Data excerpts
_ _ _ _ _ _ _

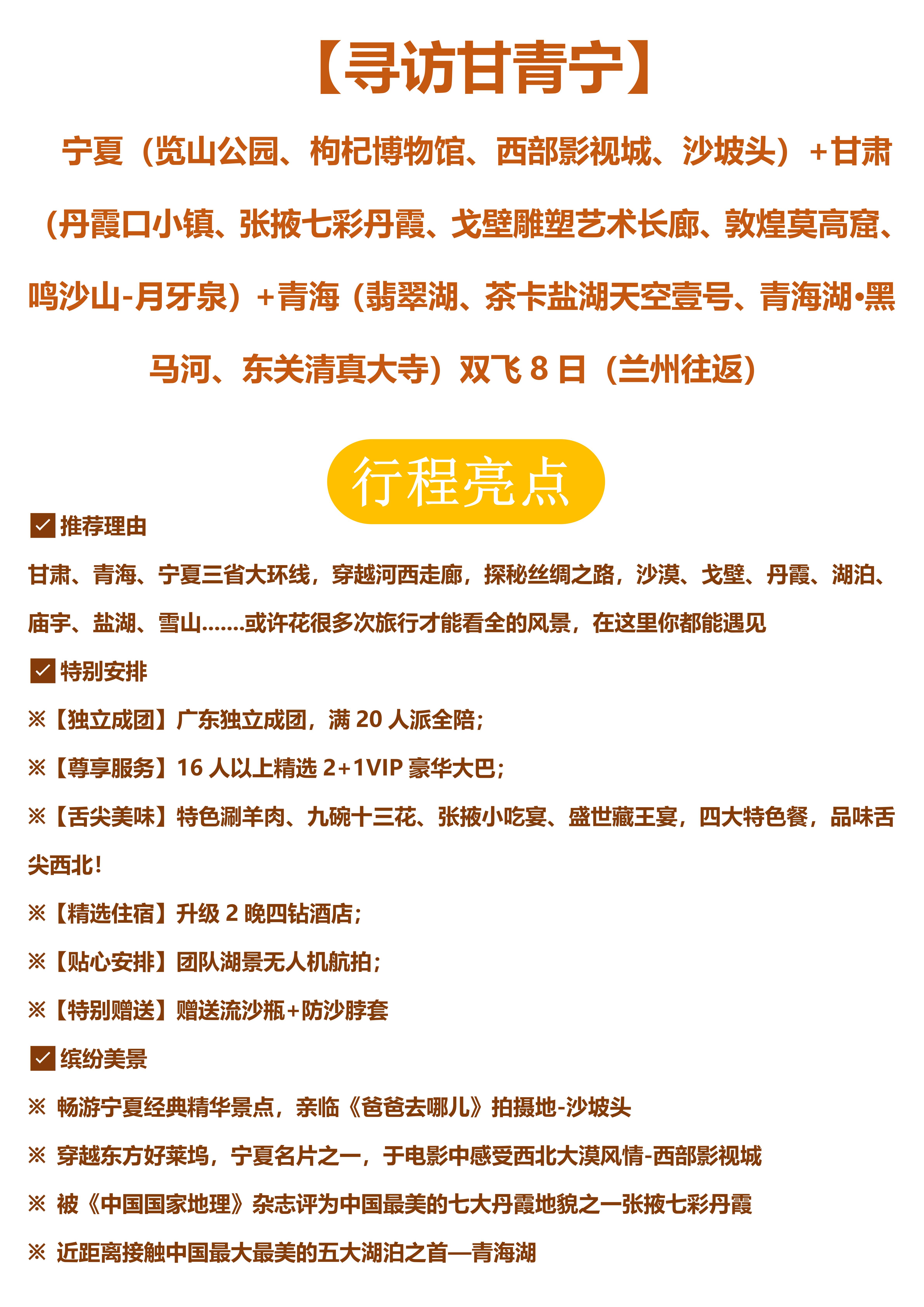 【寻访甘青宁】宁夏+青海+甘肃三省联游大环线双飞8日
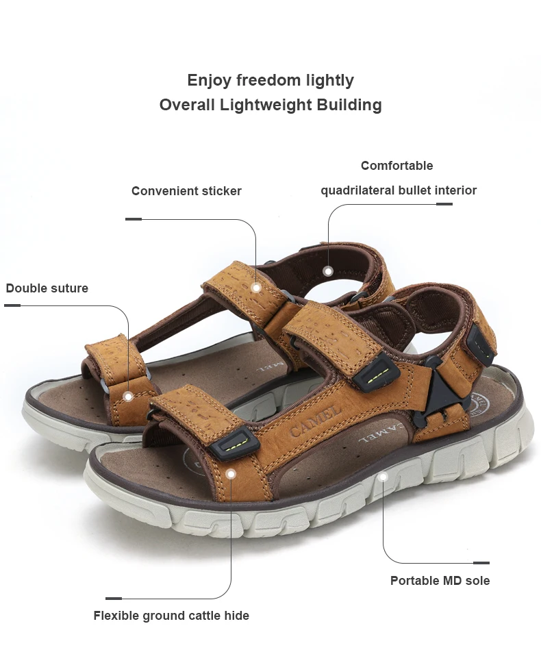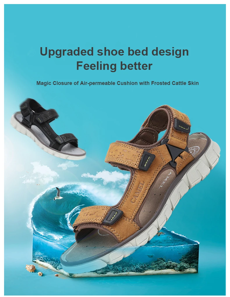 CAMEL/летние новые модные мужские сандалии, пляжная обувь, уличные сандалии, легкая мужская обувь из натуральной кожи с нескользящей липучкой
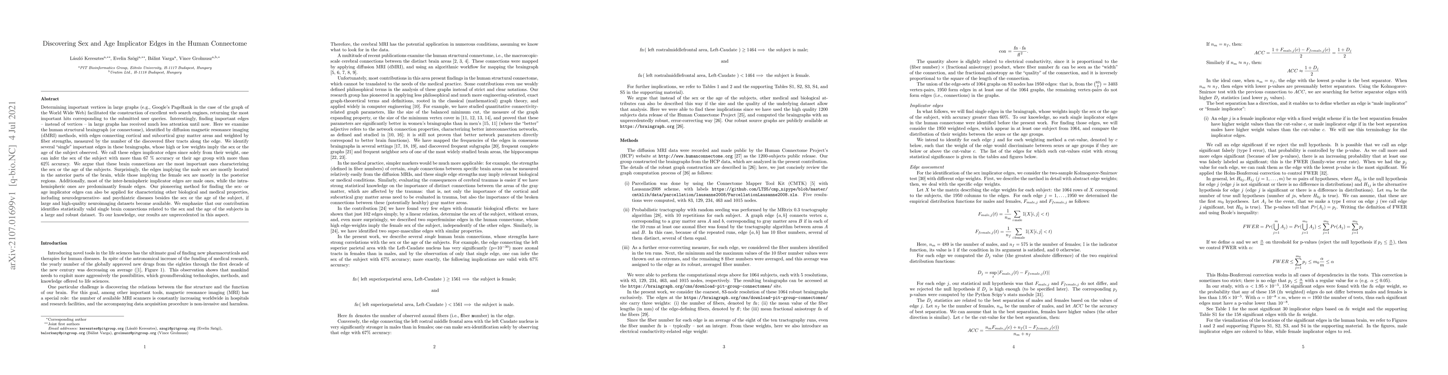 This research identifies significant "implicator edges" in the human connectome that can infer the sex or age of individuals based on the strength of brain connections, with high accuracy. The study reveals distinct regional patterns in the brain where these edges are located, suggesting potential implications for understanding biological and medical properties.
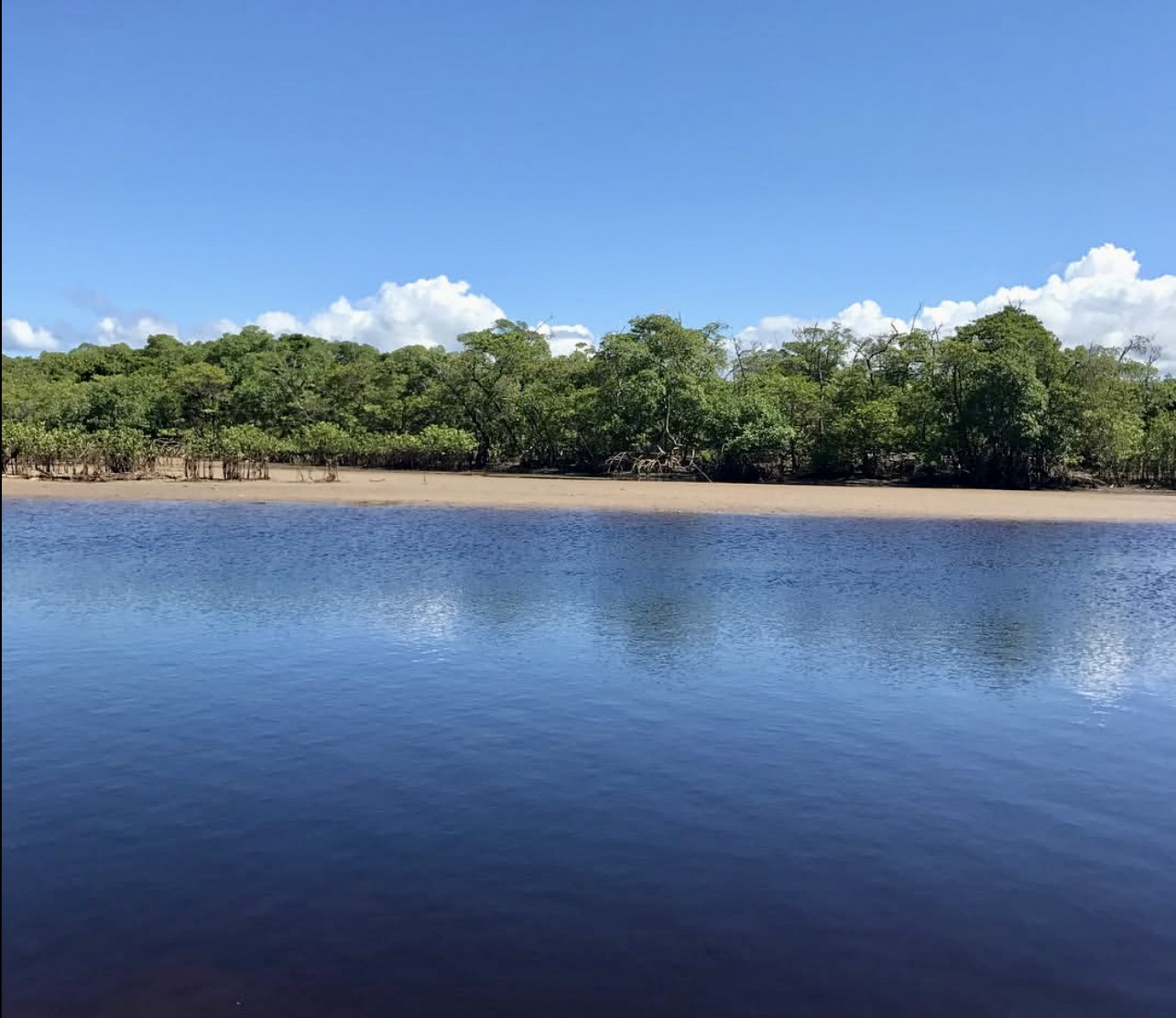 O espetáculo natural do Rio Carapitangui está no ponto em que suas águas doces encontram as águas salgadas do mar. Nessa foz, a areia fina, frequentemente molhada pela maré e pelas correntes do rio, forma um “tapete” claro, de tonalidade creme, que se mistura aos reflexos do azul-marinho.
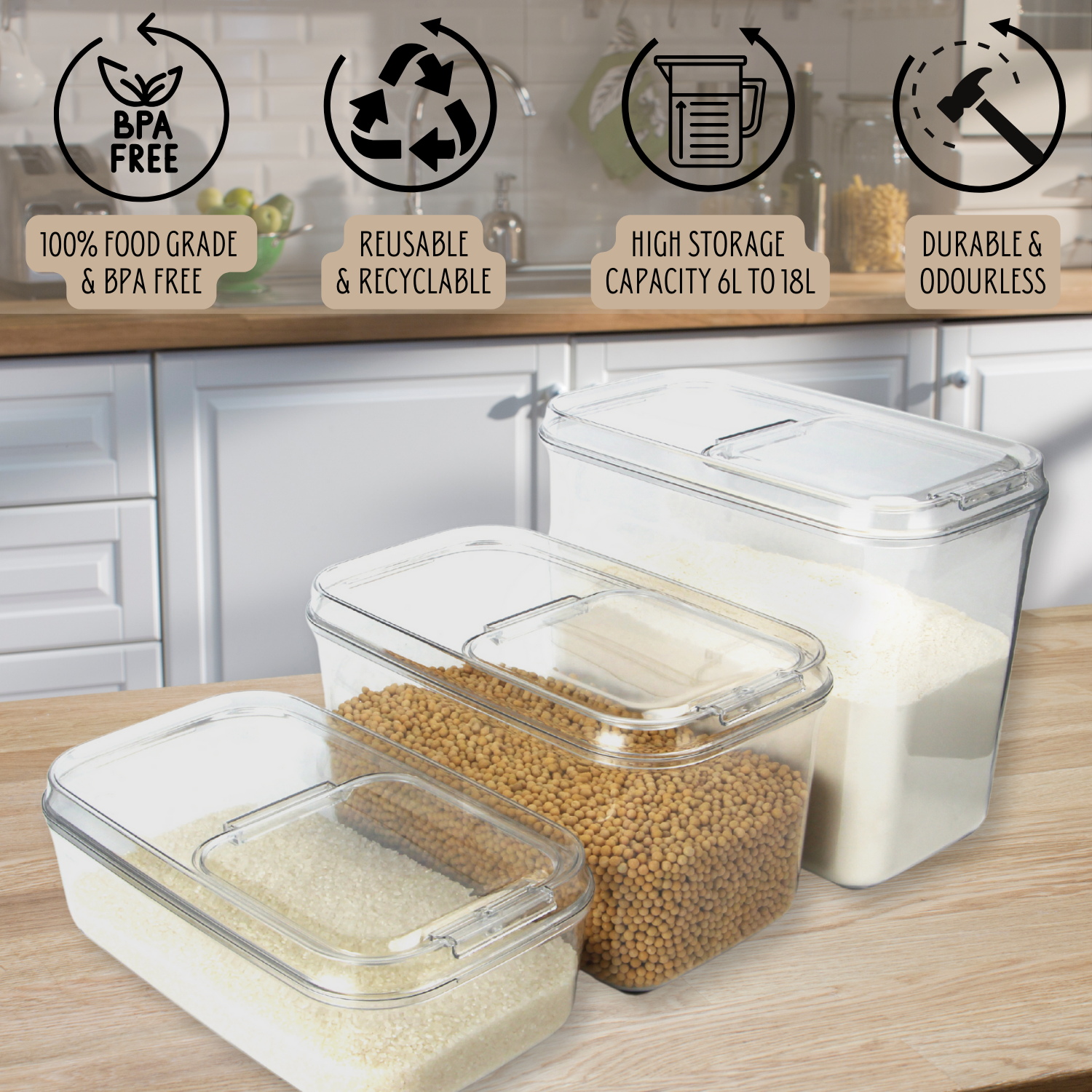 High Storage Capacity: Large container ideal for storing grains, pulses, cereals, snacks, and baking essentials.
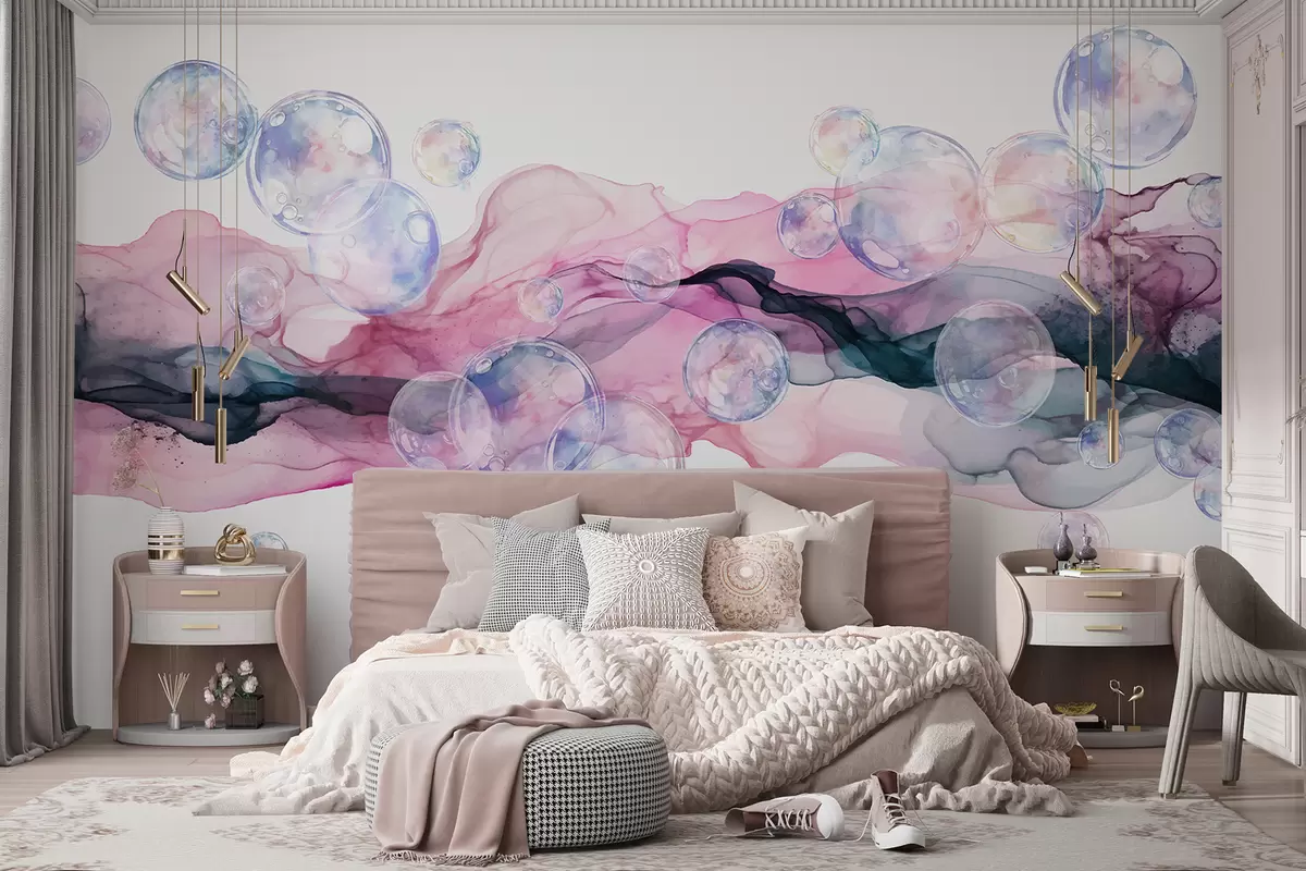 Fototapet Färgglada abstrakta flytande former med bubblor, virvlar i rosa, blå och lila nyanser mot en vit bakgrund w08337
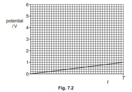 where V is the p.d. in volts and t is the time in seconds.

_ _ _ _ _ _ _

Pictures stay out; reproduce exactly the lines from the one containing "CAMEL/летние новые модные" through the end of the data.

● **Result below**
 CAMEL/летние новые модные мужские сандалии, пляжная обувь, уличные сандалии, легкая мужская обувь из натуральной кожи с нескользящей липучкой
 This research identifies significant "implicator edges" in the human connectome that can infer the sex or age of individuals based on the strength of brain connections, with high accuracy. The study reveals distinct regional patterns in the brain where these edges are located, suggesting potential implications for understanding biological and medical properties.
 O espetáculo natural do Rio Carapitangui está no ponto em que suas águas doces encontram as águas salgadas do mar. Nessa foz, a areia fina, frequentemente molhada pela maré e pelas correntes do rio, forma um “tapete” claro, de tonalidade creme, que se mistura aos reflexos do azul-marinho.
 High Storage Capacity: Large container ideal for storing grains, pulses, cereals, snacks, and baking essentials.
 Fototapet Färgglada abstrakta flytande former med bubblor, virvlar i rosa, blå och lila nyanser mot en vit bakgrund w08337
 where V is the p.d. in volts and t is the time in seconds.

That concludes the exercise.